Exercise directions: When you reach a picture, pass over it; otherwise repeat the listing word for word.

Data extract:
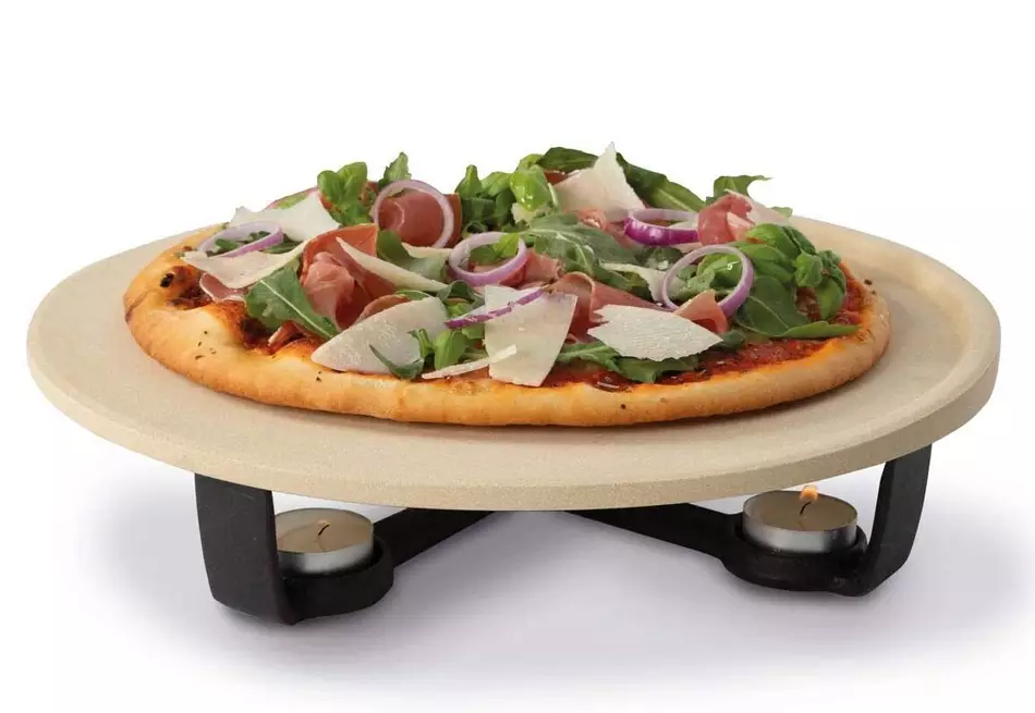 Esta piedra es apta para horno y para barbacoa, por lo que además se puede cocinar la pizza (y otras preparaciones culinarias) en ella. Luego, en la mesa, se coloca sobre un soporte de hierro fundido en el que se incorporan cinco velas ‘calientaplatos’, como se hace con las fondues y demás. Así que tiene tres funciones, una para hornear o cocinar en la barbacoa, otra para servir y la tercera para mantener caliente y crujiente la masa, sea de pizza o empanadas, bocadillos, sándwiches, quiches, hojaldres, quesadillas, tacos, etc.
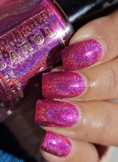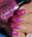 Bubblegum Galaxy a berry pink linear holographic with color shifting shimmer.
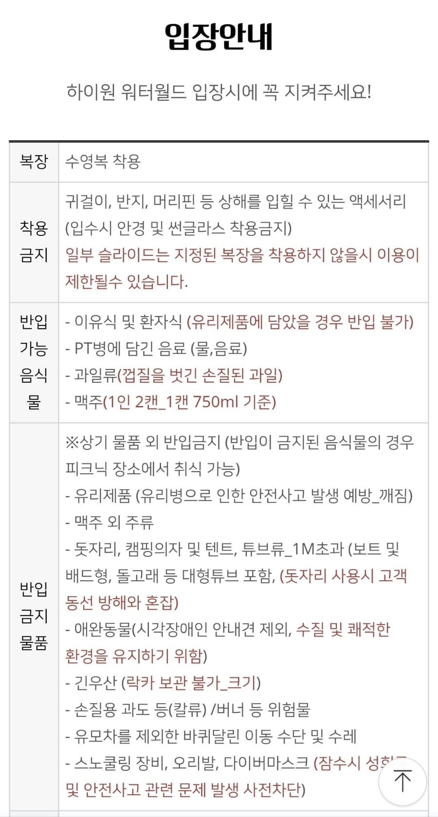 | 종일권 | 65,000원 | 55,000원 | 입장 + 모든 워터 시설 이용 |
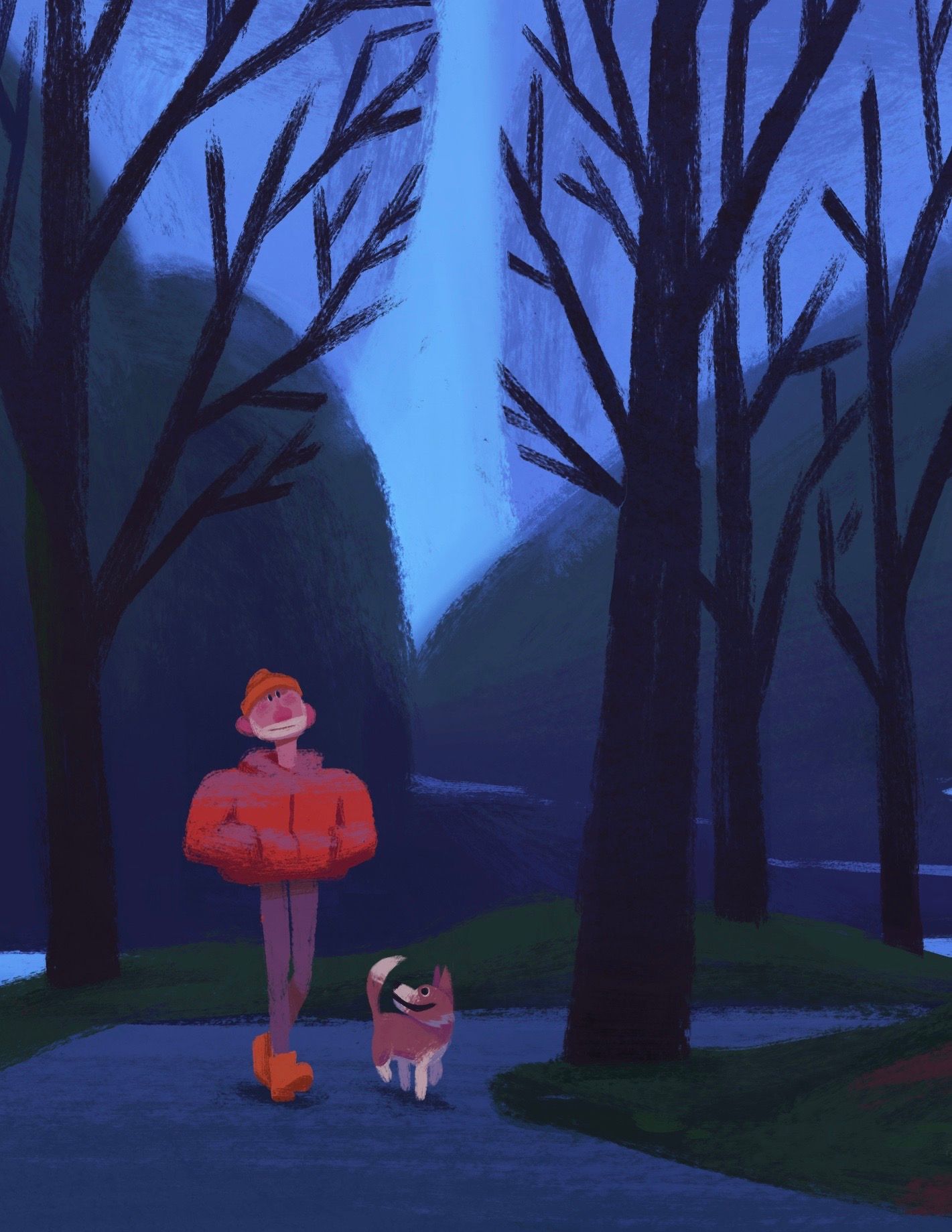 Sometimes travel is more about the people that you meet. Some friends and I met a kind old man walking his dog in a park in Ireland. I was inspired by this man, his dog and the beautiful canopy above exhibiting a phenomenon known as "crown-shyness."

Response to this exercise:
 Esta piedra es apta para horno y para barbacoa, por lo que además se puede cocinar la pizza (y otras preparaciones culinarias) en ella. Luego, en la mesa, se coloca sobre un soporte de hierro fundido en el que se incorporan cinco velas ‘calientaplatos’, como se hace con las fondues y demás. Así que tiene tres funciones, una para hornear o cocinar en la barbacoa, otra para servir y la tercera para mantener caliente y crujiente la masa, sea de pizza o empanadas, bocadillos, sándwiches, quiches, hojaldres, quesadillas, tacos, etc.
 Bubblegum Galaxy a berry pink linear holographic with color shifting shimmer.
 | 종일권 | 65,000원 | 55,000원 | 입장 + 모든 워터 시설 이용 |
 Sometimes travel is more about the people that you meet. Some friends and I met a kind old man walking his dog in a park in Ireland. I was inspired by this man, his dog and the beautiful canopy above exhibiting a phenomenon known as "crown-shyness."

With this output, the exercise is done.